The 72et version of this is exactly a mode of "Xenakis Byzantine Liturgical Soft Chromatic", which is xenakis_schrom.scl.

🔗genewardsmith <genewardsmith@sbcglobal.net>

6/11/2011 11:08:36 AM

--- In tuning-math@yahoogroups.com, "genewardsmith" <genewardsmith@...> wrote:

> Marvel's answer to the diatonic scale! As with the diatonic scale, it might be worth noting what larger structures you can embed it in.

Scala tells me I can embed it in the following 10 note scales:

smithgw72b.scl
smithgw72j.scl
smithgw_qm3a.scl

Also, the following 12 note scales:

Unimarv[12]/Prodigy[12] (Hobbits become identical in 72)
lumma72.scl

🔗Keenan Pepper <keenanpepper@gmail.com>

6/11/2011 11:32:13 PM

--- In tuning-math@yahoogroups.com, "genewardsmith" <genewardsmith@...> wrote:
> I'm very interested in such a survey. How large a scale do you plan to survey? I think this might go somewhere on the Xenwiki when you are done.

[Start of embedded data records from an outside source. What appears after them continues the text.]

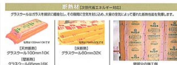
断熱材 [次世代省エネルギー対応]

グラスウールはガラスを繊維化し、その隙間に空気を封じ込み、大量の空気によって優れた断熱性能を発揮します。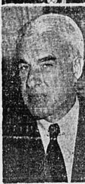
Byrnes e Stettinius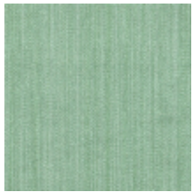
1682-21 VERTIGE - AMANDE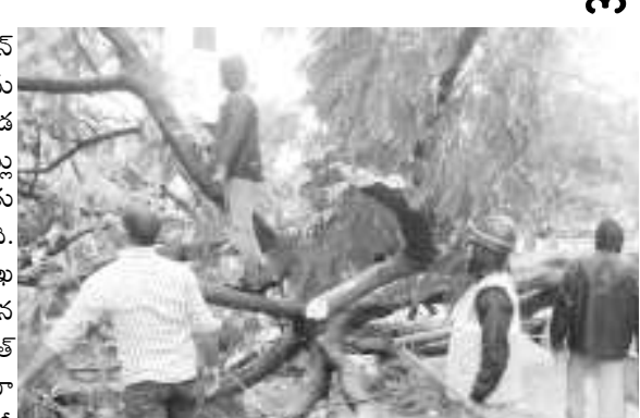
తుపాన్ ప్రభావంతో ఉడయం నుంచి భారీ ఈదురు గాలులు వీచాయి.

నర్సపట్నం: ఫెథాన్ తుపాన్ ప్రభావంతో నర్సపట్నంలో సోమ వారం వీచిన గాలులకు అక్కడ కృష్ణ చెట్లు నేలకొరిగాయి. ఈ చెట్లు విద్యుత్ వైర్లపై పడటంతో విద్యుత్కు తీవ్ర అంతరాయం ఏర్పడింది. మున్సిపల్ సిబ్బంది, విద్యుత్ శాఖ సిబ్బంది ఎప్పటికీ వృథుడు పడిపోయిన చెట్లను తొల గించి విద్యుత్ పునరుద్ధిస్తున్నారు. తుపాన్ ప్రభా వంతో ఉడయం నుంచి భారీ ఈదురు గాలులు వీచాయి. ఒక మోస్తరు వర్షం కూడా పడింది. దీంతో జనజీవనానికి అటంకం ఏర్పడింది.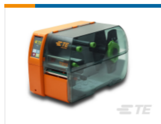
TE 产品编号 1-2186500-1 T3212-PRINTER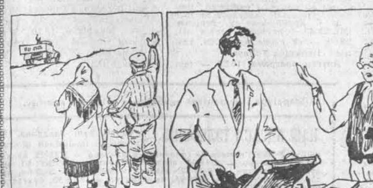
Малюнкi мастака В. Ягорава да кнігі М. Пяслявіча «Зялёны канверт».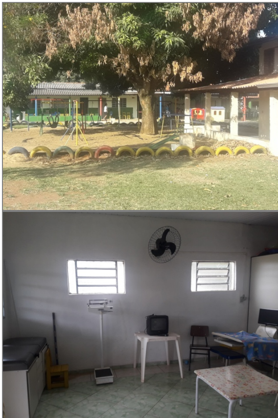
Figura 2 - Imagens da Creche São Jerônimo Emiliani (b).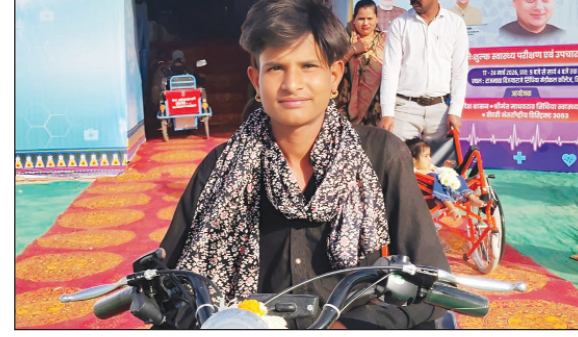
आयोजित रोटरी रीजनल मेडिकल मिशन अंतर्गत वृहद स्वास्थ्य शिविर में केन्द्रीय मंत्री ज्योतिरादित्य सिंधिया के समक्ष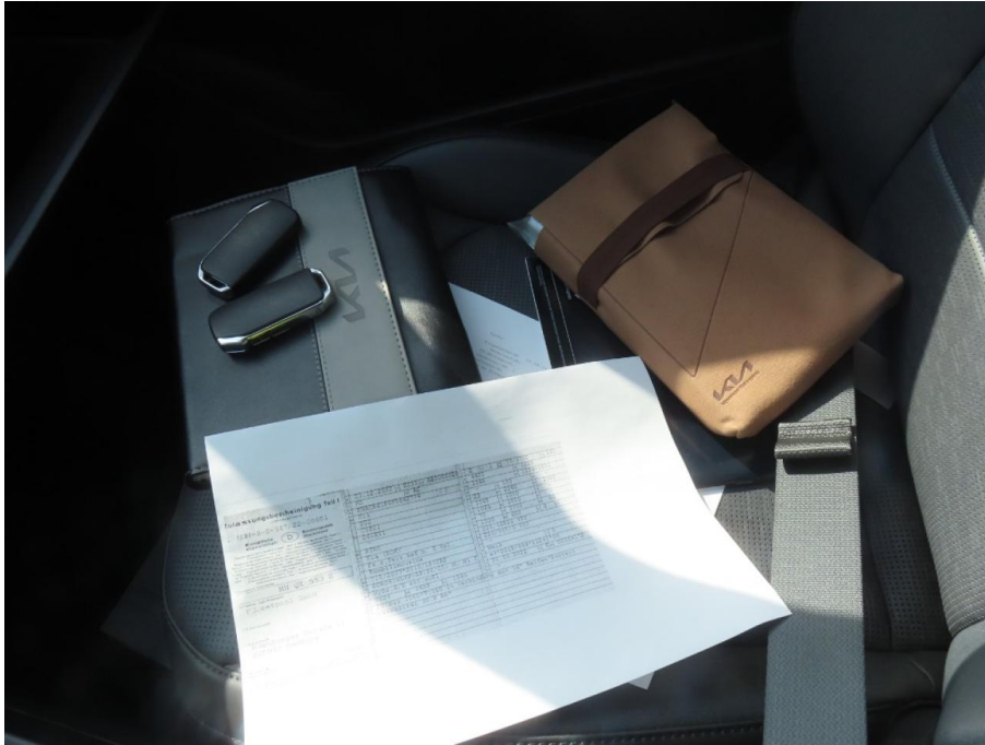
Bild 5 Schlüssel, Borddokumente

I wasn't going to go much past 12 notes, maybe 13 or 14. Personally I think of such scales as "extremely large", though I'm sure many people don't share my opinion.

Keenan

🔗genewardsmith <genewardsmith@sbcglobal.net>

6/12/2011 10:26:45 AM

--- In tuning-math@yahoogroups.com, "genewardsmith" <genewardsmith@...> wrote:

> > > 1/1 7/6 5/4 7/5 3/2 7/4 15/8 2/1

> The 72et version of this is exactly a mode of "Xenakis Byzantine Liturgical Soft Chromatic", which is xenakis_schrom.scl.

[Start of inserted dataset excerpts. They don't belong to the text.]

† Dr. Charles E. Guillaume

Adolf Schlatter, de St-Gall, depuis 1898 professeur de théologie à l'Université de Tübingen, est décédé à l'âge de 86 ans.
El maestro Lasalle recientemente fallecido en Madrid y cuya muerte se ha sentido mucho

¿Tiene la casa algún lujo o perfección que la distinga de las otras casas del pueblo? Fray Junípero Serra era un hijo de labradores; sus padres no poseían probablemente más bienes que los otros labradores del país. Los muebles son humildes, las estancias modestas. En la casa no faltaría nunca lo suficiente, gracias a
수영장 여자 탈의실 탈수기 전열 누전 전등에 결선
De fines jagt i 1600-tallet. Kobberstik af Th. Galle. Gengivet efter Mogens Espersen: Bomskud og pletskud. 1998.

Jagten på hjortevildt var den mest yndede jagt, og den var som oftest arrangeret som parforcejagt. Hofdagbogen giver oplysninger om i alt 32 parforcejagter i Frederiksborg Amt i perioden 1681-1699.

If you take the above scale and project it to the marvel 5-limit by replacing 7 with 225/32, you get this:

1/1 75/64 5/4 45/32 3/2 225/128 15/8 2/1

One property it has is that it consists entirely of overtones, which would make some people happy, apparently. It's also a mode of a Scale of Many Names:

diff7b: Difference diamond on [1, 8/5, 3/2]
exptriad2: Two times expanded major triad
helmholz: Helmholtz's Chromatic scale and Gipsy major from Slovakia
jobbit7_5: 5-limit 7-note JI hobbit
mavchrome1: First 25/24&135/128 scale
tartini7: Tartini (1754) with 2 neochromatic tetrachords
trab7: transformed Euclidean ball {1,3,15} diamond

It's also clear how to embed this into larger structures: take a suitable Euler genus, such as Genus(15^n) for n>1, marvel temper it, and there you are.